Expulsion of the Jews |
In a year most remembered for Christopher Columbus’s discovery of the New World, the Spanish monarchs were also making history at home. In March 1492, Ferdinand V and Isabella I of Spain issued the Alhambra Decree, which ordered the expulsion of all Jewish men and women from the newly united kingdom.
Also known as the Edict of Expulsion, this decree gave the Jews four months to depart and forbade their return to Spain. Those who did not comply with the decree would be stripped of all belongings and put to death.
Traditional accounts of the expulsion contend that as many as 400,000 Jews fled to North Africa and Turkey in response to this decree. Recent scholarship has challenged this account and reduces the number of refugees to a total of 30,000–40,000, with only 10,000 fleeing to Turkey from the western provinces.
The remaining refugees from Spain fled overland to neighboring Portugal, where tensions were already growing between the native Christian and Jewish populations. The addition of 20,000 Jewish refugees led to increased persecution, and just four years after the Alhambra Decree was issued in Spain, King Manuel of Portugal followed suit by ordering the expulsion of all Jews residing within the borders of his kingdom.
Hoping to avoid the logistical problems of the Spanish expulsion, Manuel gave the Jewish community 10 months to prepare, moving the actual date of expulsion to October 1497. In the interim, many of the Jews chose to convert to Christianity to avoid the treacherous journey across the Mediterranean.
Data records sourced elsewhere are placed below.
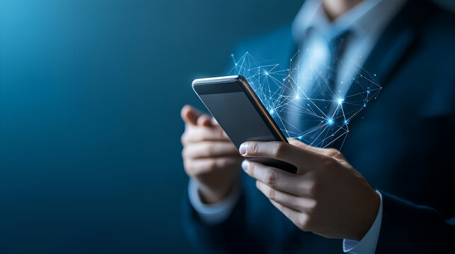 Businessman's hand using smartphone with network connection on blue background. Technology concept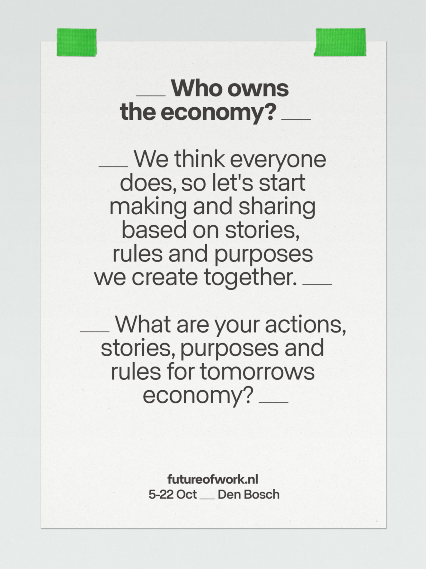 What exactly is this elusive and all-determining ‘economy’? And what kind of economy do we desire? These questions were at the heart of the festival ‘Who owns the Economy?’, which brought together participants and visitors to explore the future of our economic system. The multidisciplinary exhibition and public programming served as an invitation for everyone to engage and envision the economy of tomorrow.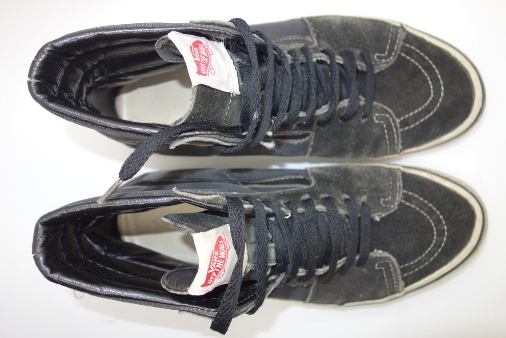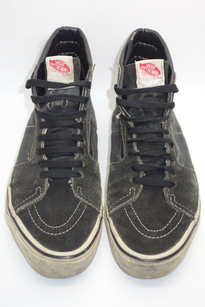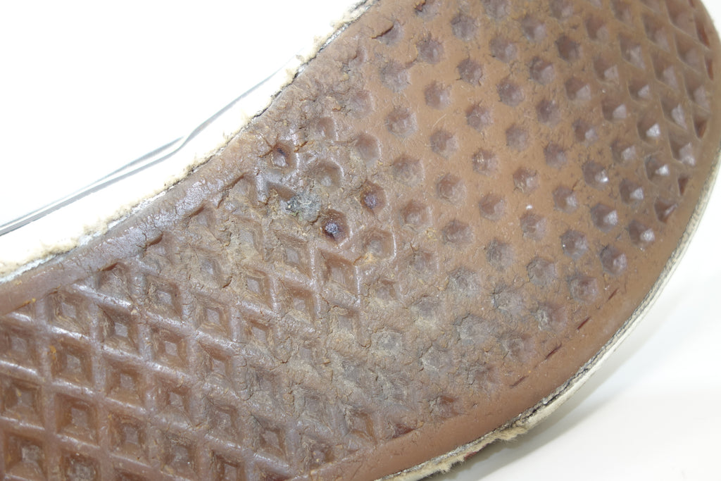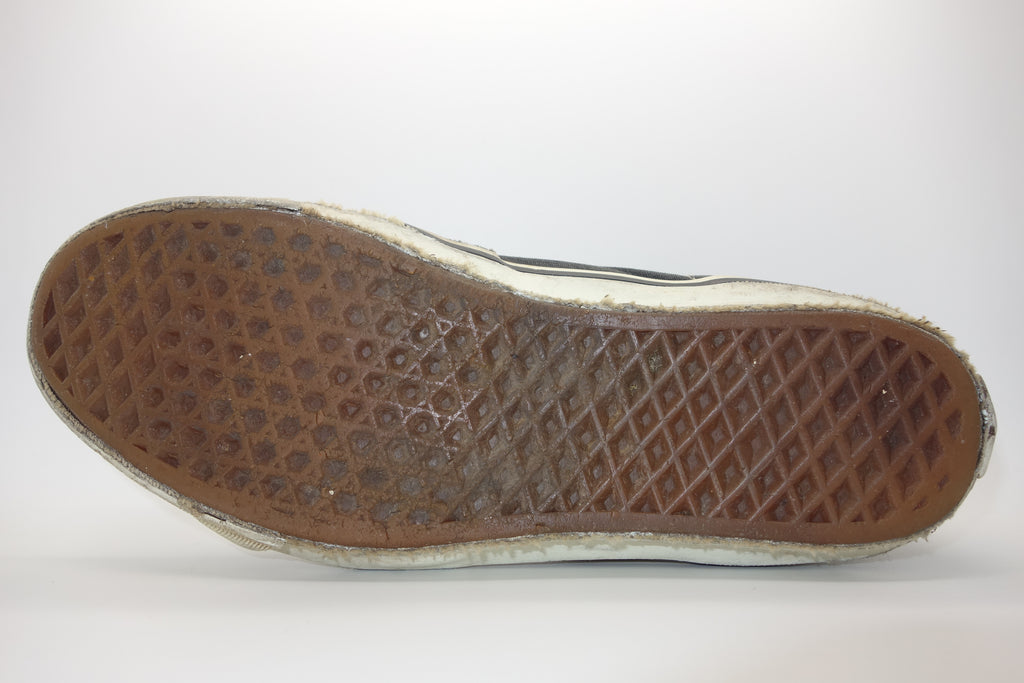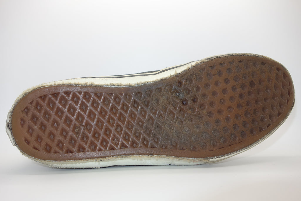 good used condition. all rubber remains soft & flexible. minimal separation from uppers mainly at seams. widespread stress cracking from crush injury. saw good wear however structurally sound. pedal erosion on waffle from bmx. size not visible but bought as US9 & measures accordingly if not towards US9.5

The Spanish refugees were also able to return to their homeland as “new Christians” if they were willing to convert. The small number of Jews unwilling to make this sacrifice had no choice but to travel across the Mediterranean to North Africa. It is most likely these Jews, expelled from Portugal and not Spain, made up the first population of Sephardic Jews in North Africa.
The expulsion of the Jews from Spain has been a subject of great historical interest, and numerous scholars have weighed in with varying accounts of the causes, processes, and consequences of this event. All agree that the expulsion was the inevitable result of the Spanish Inquisition, instituted by Ferdinand and Isabella in 1478.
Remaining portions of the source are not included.